Thus, the ratio of the apparent association constant for peptide to the measured association constant for the native molecule should give the conformational equilibrium constant of the peptide. Note the implicit assumption that the total peptide concentration can be approximated by [P_r]. This will generally be true, as most peptide fragments of proteins demonstrate little native conformation, that is, K_conf = [Pn] / [Pr] is much less than one. Also note that if the first hypothesis (or third) occurs to some extent, this method will overestimate K_conf. On the other hand, if the affinity for the peptide is lower because it lacks some of the contact residues of the determinant, this method will underestimate K_conf (by assuming that all the affinity difference is due to conformation). To some extent, the two errors may partially cancel out. When this method was used to determine the K_conf for a peptide from staphylococcal nuclease, a value of 2 × 10^-4 (unitless because it is a ratio of two concentrations) was obtained.⁵² Similarly, when antibodies raised to a peptide fragment were used, it was possible to estimate the fraction of time the native nuclease spends in nonnative
conformations.⁹³ In this case, the K_conf was found to be about 3000-fold in favor of the native conformation.

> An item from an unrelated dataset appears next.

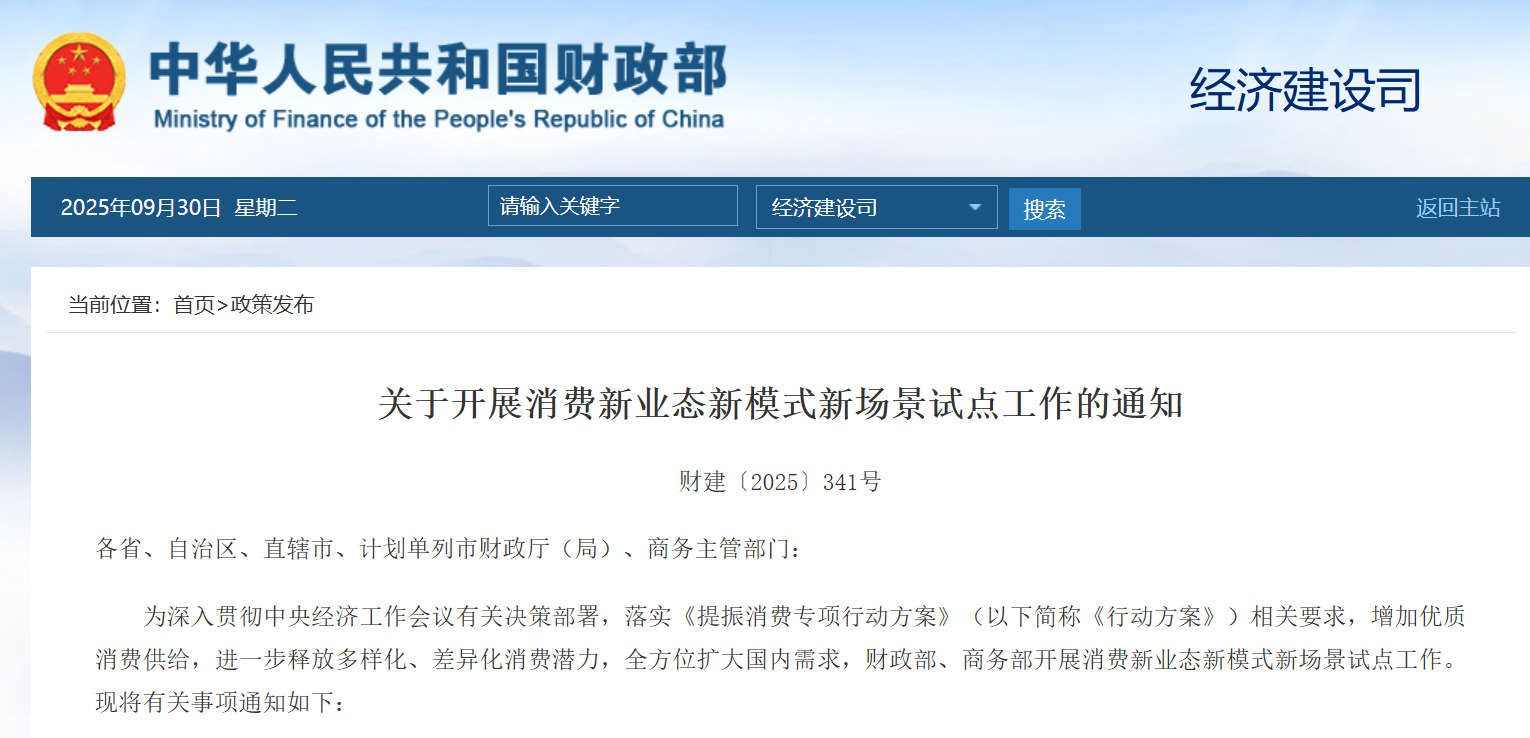9月30日,财政部、商务部发布《关于开展消费新业态新模式新场景试点工作的通知》,将遴选50个左右城市,开展消费新业态新模式新场景试点,增加优质消费供给,进一步释放多样化、差异化消费潜力,全方位扩大国内需求。

Antipeptide Antibodies that Bind to Native Proteins at a Specific Site

In light of the conformational differences between native proteins and peptides and the observed K_conf effects shown by antibodies to native proteins when tested on the corresponding peptides, it was somewhat surprising to find that antibodies to synthetic peptides show extensive cross-reactions with native proteins.⁹⁴^,⁹⁵ These two types of cross-reactions can be thought of as working in opposite directions: The binding of antiprotein antibodies to the peptide is inefficient, whereas the binding of antipeptide antibodies to the protein is quite efficient and commonly observed. This finding is quite useful, as automated solid-phase peptide synthesis has become readily available. This has been particularly useful in three areas: exploitation of protein sequences deduced by recombinant deoxyribonucleic acid (DNA) methods, preparation of site specific antibodies, and the attempt to focus the immune response on a single protein site that is biologically important but may not be particularly immunogenic. This section focuses on the explanation of the cross-reaction, uses of the cross-reaction, and the potential limitations regarding immunogenicity.

The basic assumption is that antibodies raised against peptides in an unfolded structure will bind the corresponding site on proteins folded into the native structure.⁹⁵ This is not immediately obvious, as antibody binding to antigen is the direct result of the antigen fitting into the binding site. Affinity is the direct consequence of “goodness of fit” between antibody and antigen, whereas antibody specificity is due to the inability of other antigens to occupy the same site. How then can the antipeptide antibodies overcome the effect of K_conf and still bind native proteins with good affinity and specificity? The whole process depends on the antibodybinding site forming a three-dimensional space and the antigen filling it in an energetically favorable way.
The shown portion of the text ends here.